*** DATA ***

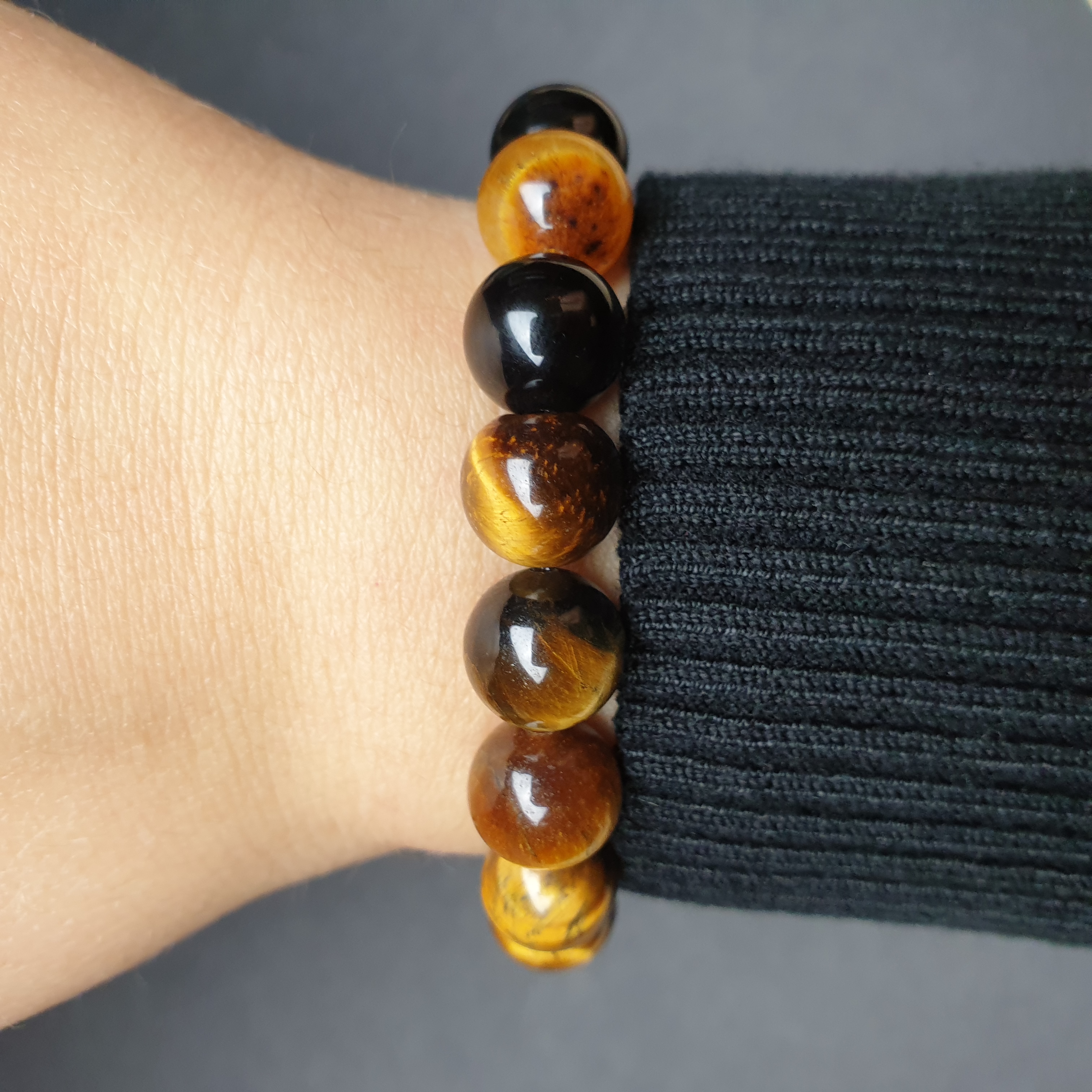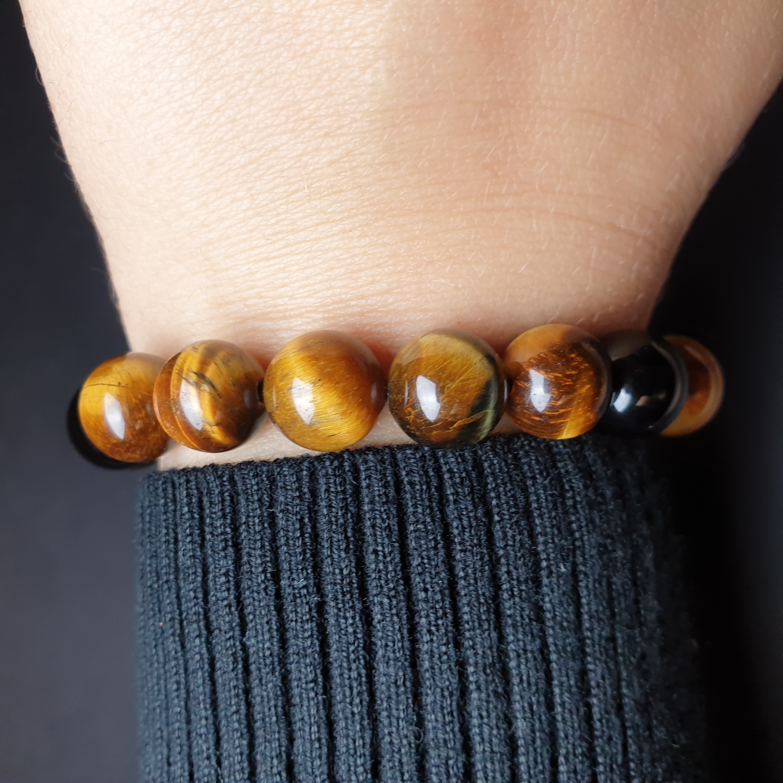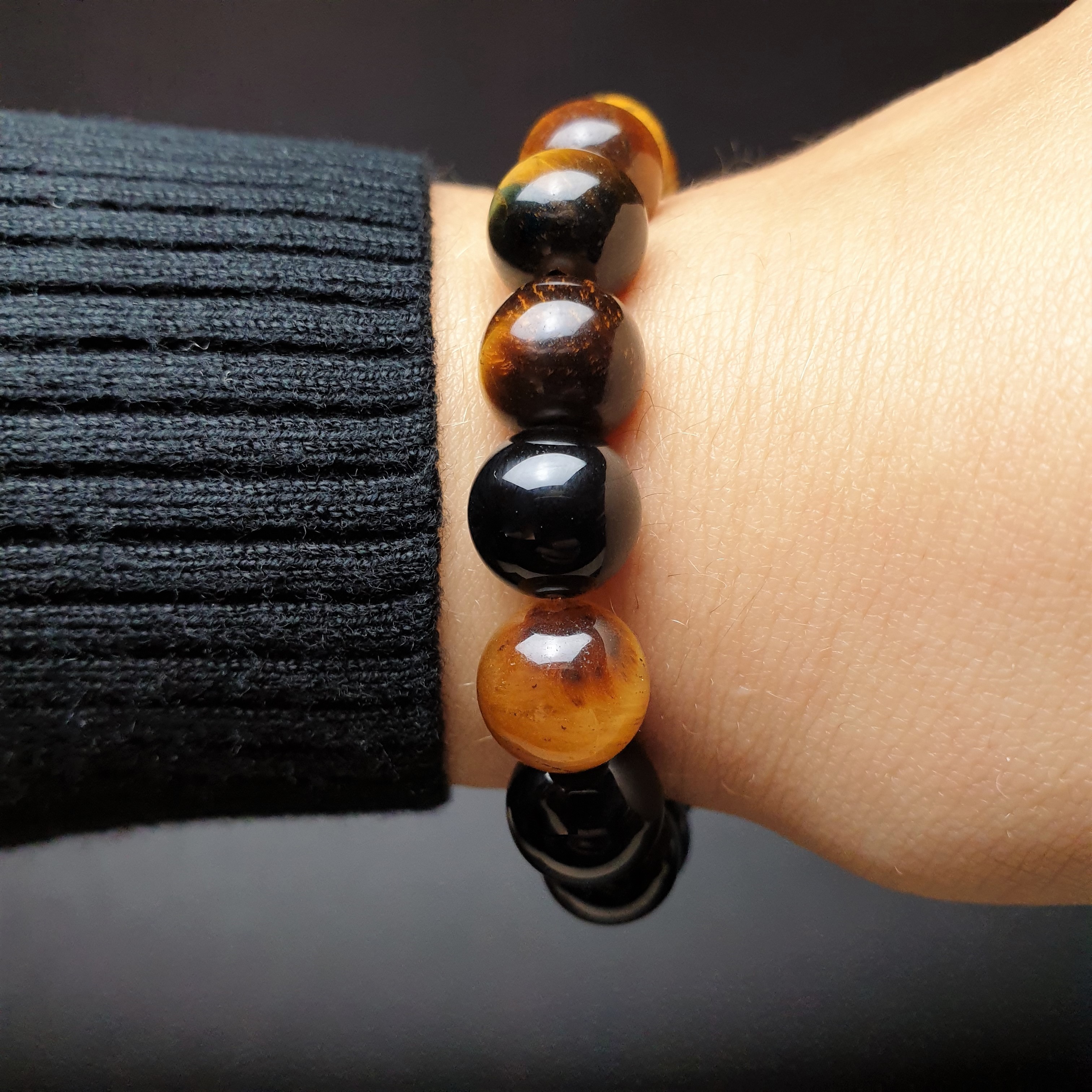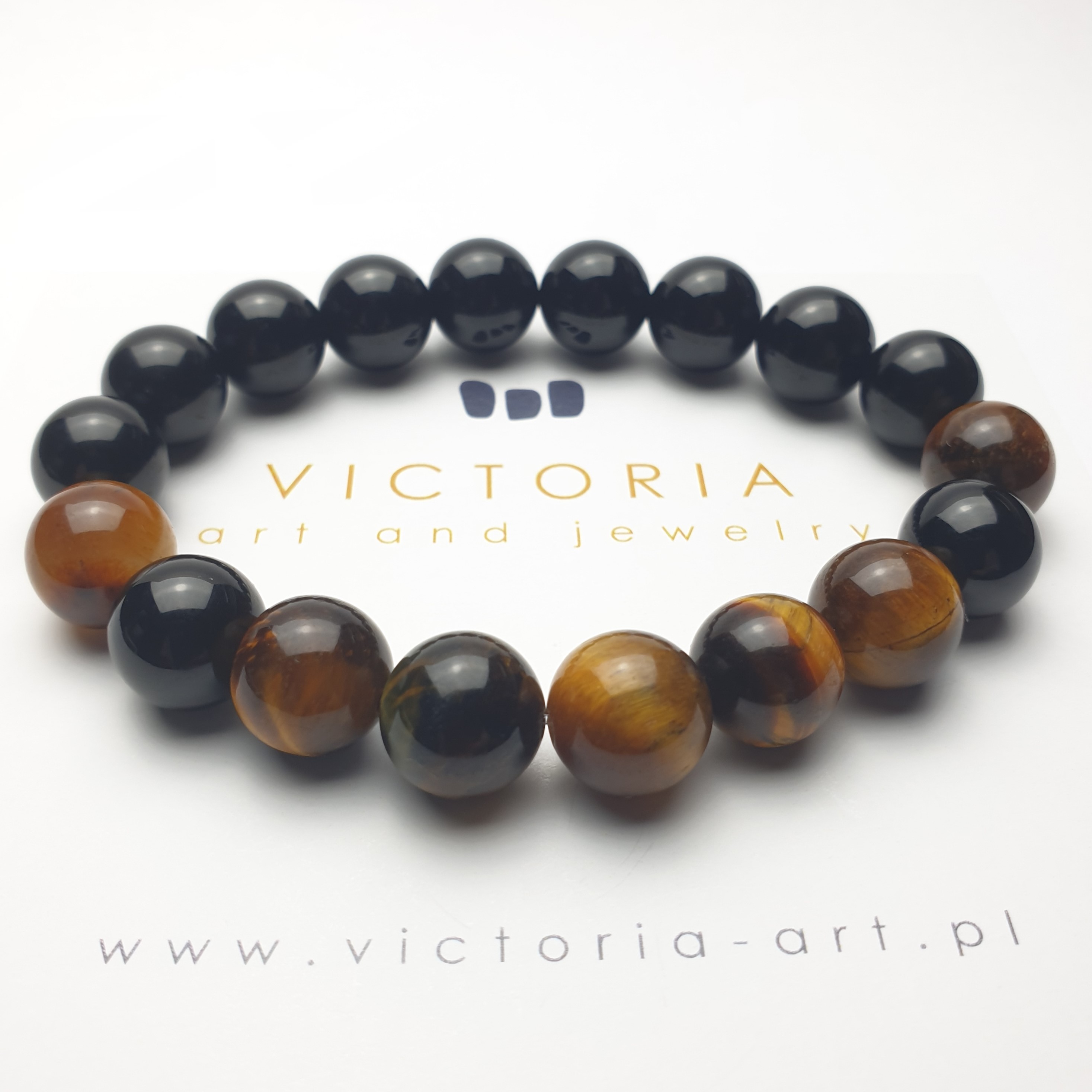 Ta wyjątkowa bransoletka została wykonana z kamieni naturalnych o średnicy 10mm na elastycznej gumce jubilerskiej. O jej unikatowości stanowi niesztampowy, autorski układ elementów i harmonijne zestawienie kolorów. Znaczną część bransoletki „EYE OF THE TIGER” stanowią kule z wyjątkowej odmiany kwarcu zwanej TYGRYSIM OKIEM. Ten popularny i lubiany minerał zawdzięcza swoją nazwę charakterystycznemu zjawisku optycznemu jakie zachodzi podczas zmiany położenia kamienia. Najlepiej można je zaobserwować na wypolerowanej oświetlonej powierzchni. Resztę bransoletki uzupełniają gładkie, błyszczące kule czarnego ONYKSU. Powstaje on w skałach pochodzenia wulkanicznego jest cenionym kamieniem jubilerskim, ponadczasowym, pełnym klasy i wdzięku.
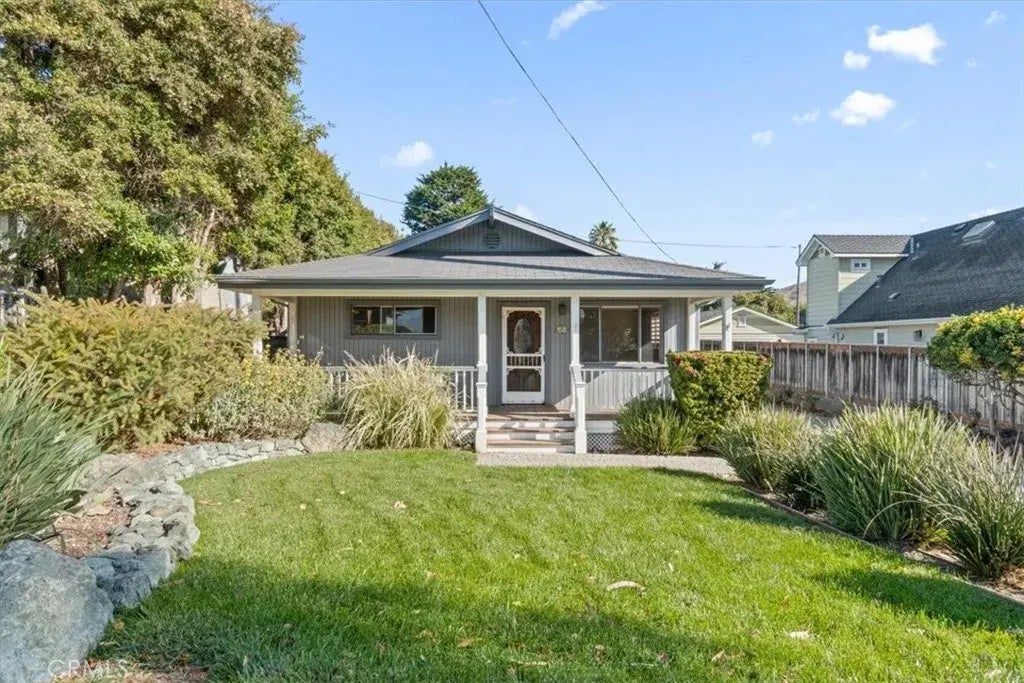 This 4-bedroom expanded classic Cayucos bungalow on a large piece of property is tucked only a two minute walk from downtown and three minutes from the beach. The sunny, large front porch faces a grassy, landscaped front yard where you can listen to birds. In the front rooms at night, you can hear seals barking. The driveway is lined with mature, fragrant rose bushes. The back yard has plenty of room for -- whatever: an ADU, a large outdoor play and living area. At approximately 2,016 square feet, the well-maintained home is spacious. The master suite has a walk-in closet to die for! The kitchen, though slightly dated, is bright and large. The house is ready to live in but also has the "bones" to support updating and remodeling. Park your car and walk everywhere in this centrally-located yet private Cayucos home
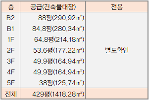 | 5층 | 사무소 | 제2종근린생활시설(사무소) | 125.74㎡ 38.04평 |

*** End of DATA ***

Repeat the data above exactly; images are not part of the copy.

# [SOLUTION FOR THIS EXERCISE]
 Ta wyjątkowa bransoletka została wykonana z kamieni naturalnych o średnicy 10mm na elastycznej gumce jubilerskiej. O jej unikatowości stanowi niesztampowy, autorski układ elementów i harmonijne zestawienie kolorów. Znaczną część bransoletki „EYE OF THE TIGER” stanowią kule z wyjątkowej odmiany kwarcu zwanej TYGRYSIM OKIEM. Ten popularny i lubiany minerał zawdzięcza swoją nazwę charakterystycznemu zjawisku optycznemu jakie zachodzi podczas zmiany położenia kamienia. Najlepiej można je zaobserwować na wypolerowanej oświetlonej powierzchni. Resztę bransoletki uzupełniają gładkie, błyszczące kule czarnego ONYKSU. Powstaje on w skałach pochodzenia wulkanicznego jest cenionym kamieniem jubilerskim, ponadczasowym, pełnym klasy i wdzięku.
 This 4-bedroom expanded classic Cayucos bungalow on a large piece of property is tucked only a two minute walk from downtown and three minutes from the beach. The sunny, large front porch faces a grassy, landscaped front yard where you can listen to birds. In the front rooms at night, you can hear seals barking. The driveway is lined with mature, fragrant rose bushes. The back yard has plenty of room for -- whatever: an ADU, a large outdoor play and living area. At approximately 2,016 square feet, the well-maintained home is spacious. The master suite has a walk-in closet to die for! The kitchen, though slightly dated, is bright and large. The house is ready to live in but also has the "bones" to support updating and remodeling. Park your car and walk everywhere in this centrally-located yet private Cayucos home
 | 5층 | 사무소 | 제2종근린생활시설(사무소) | 125.74㎡ 38.04평 |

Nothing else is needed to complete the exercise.